Your task -> Among the entries below, one stretch runs from the line that contains "National Park Service" through the line that contains "One Auto to Every Five Persons". Repeat that stretch exactly, ends included, and only that.

Data provided ->
== == ==

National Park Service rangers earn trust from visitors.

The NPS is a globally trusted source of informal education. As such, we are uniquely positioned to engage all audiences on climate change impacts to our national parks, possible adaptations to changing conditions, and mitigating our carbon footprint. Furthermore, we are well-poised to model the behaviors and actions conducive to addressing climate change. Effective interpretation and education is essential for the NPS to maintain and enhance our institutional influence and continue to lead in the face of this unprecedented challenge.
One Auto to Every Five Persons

== == ==

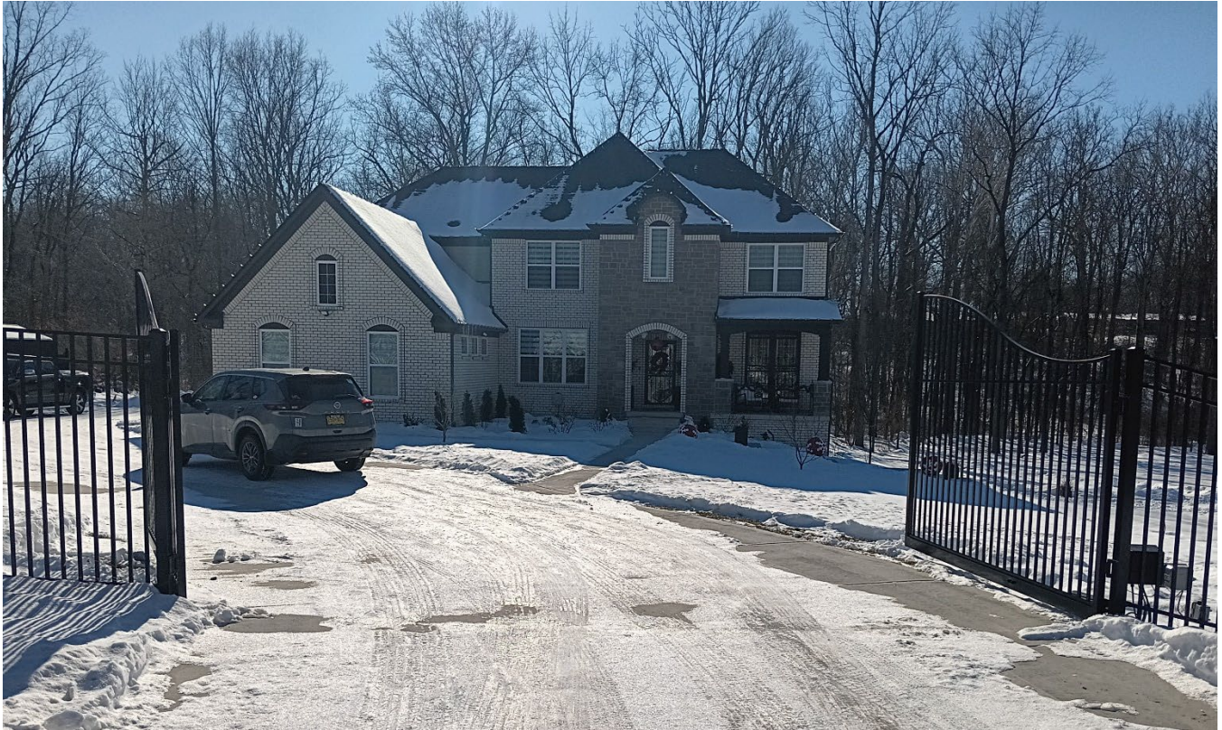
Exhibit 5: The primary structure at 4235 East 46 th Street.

== == ==

Task response ->
National Park Service rangers earn trust from visitors.

The NPS is a globally trusted source of informal education. As such, we are uniquely positioned to engage all audiences on climate change impacts to our national parks, possible adaptations to changing conditions, and mitigating our carbon footprint. Furthermore, we are well-poised to model the behaviors and actions conducive to addressing climate change. Effective interpretation and education is essential for the NPS to maintain and enhance our institutional influence and continue to lead in the face of this unprecedented challenge.
One Auto to Every Five Persons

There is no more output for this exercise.